The S&P 500 closed the week just 4 points below its all-time high, partly supported by global liquidity. pic.twitter.com/tNp3daBloG
— Holger Zschaepitz (@Schuldensuehner) February 15, 2025
The Dow advanced roughly 0.6%. The Nasdaq was 2.6% higher. A significant portion of the week’s gains came on Thursday.
US stocks have outperformed International stocks for over 16 years, by far the longest run of outperformance in history.
So far this year, we're seeing the opposite, with International stocks up 5.8% vs. a 2.9% gain for the S&P 500.
Video: https://t.co/50JQayskti pic.twitter.com/ooLm4m12fM
— Charlie Bilello (@charliebilello) February 13, 2025
President Trump signed a memorandum. It laid out a plan to impose targeted levies rather than immediate tariffs on goods from countries with duties on U.S. products. This move seemed to provide more certainty around trade policy.
Trade policy had been a primary concern for investors. Sentiment improved further after the release of January’s producer price index (PPI) and consumer price index (CPI) reports. They suggested softer-than-expected inflation.
The PCE price index, the Federal Reserve’s preferred inflation gauge, is due later this month. “It looks like the economy and inflation aren’t runaway accelerating, causing less pressure on rates,” said Matt Stucky, chief portfolio manager at Northwestern Mutual Wealth Management Company. He added that the recent decline in the 10-year Treasury yield is “improving breadth” and lifting asset prices on the equity side.
Yields continued to slide on Friday. The 10-year Treasury yield dropped nearly 5 basis points to 4.478%.
Market sentiment mixed amid economic indicators
The influence of the “Magnificent Seven” stocks on overall U.S. earnings growth is dwindling, according to JPMorgan. The firm noted that the earnings growth spread between these stocks and the rest of the S&P 500 fell to 20% in the fourth quarter. It was the narrowest difference since early 2023.

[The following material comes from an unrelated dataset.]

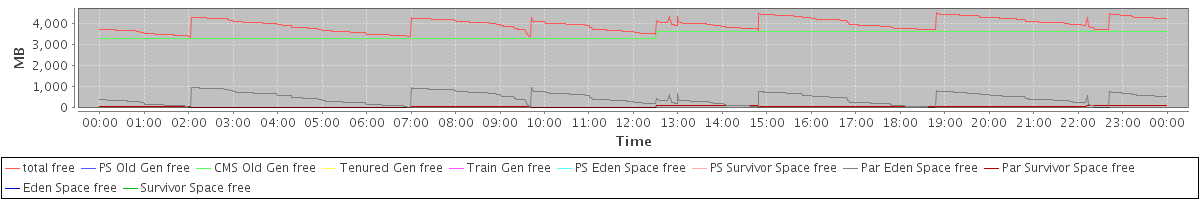 avg(total free) = 3972.23 avg(PS Old Gen free) = 0.00 avg(CMS Old Gen free) = 3456.35 avg(Tenured Gen free) = 0.00 avg(Train Gen free) = 0.00 avg(PS Eden Space free) = 0.00 avg(PS Survivor Space free) = 0.00 avg(Par Eden Space free) = 457.34 avg(Par Survivor Space free) = 58.54 avg(Eden Space free) = 0.00 avg(Survivor Space free) = 0.00

“While still a meaningful driver of U.S. earnings growth, the contribution of the Mag-7 is diminishing,” JPMorgan analyst Mislav Matejka stated. Shares of Iron Mountain dropped about 10% this week. It marked its worst performance since 2022.
The company posted slightly weaker-than-expected revenue for the fourth quarter. It faced criticism from Elon Musk regarding government inefficiency. However, Wells Fargo analyst Eric Luebchow recommended the pullback as a buying opportunity.
He maintained an overweight rating on the stock, with a price target of $125. This implies over 31% upside. Although investors were relieved by Thursday’s tariff announcements, UBS warns that aggressive tariff enforcement could lead to retaliatory measures from U.S. trading partners.
It could affect stocks and boost inflation. “Markets will be watching closely for any shifts toward full enforcement,” said Solita Marcelli, chief investment officer Americas for UBS Global Wealth Management. Shares of Dell Technologies rose more than 3%.
Bloomberg News reported that the company was nearing a deal to sell servers equipped with Nvidia chips to Elon Musk’s xAI. This gain pushed Dell’s stock up more than 9% for the month. Warner Music Group surged 3% following an upgrade from neutral by Citi analyst Jason Bazinet.
He noted that Warner Music’s valuation was “far below” those of its peers. Meanwhile, Roku jumped nearly 14% after reporting fourth-quarter results that surpassed analysts’ expectations. The streaming company reported a loss of 24 cents per share on revenue of $1.2 billion.
It beat the expected loss of 40 cents per share on revenue of $1.14 billion. These developments underscore the mixed but overall positive sentiment in the stock market. Investors navigate economic indicators and corporate earnings.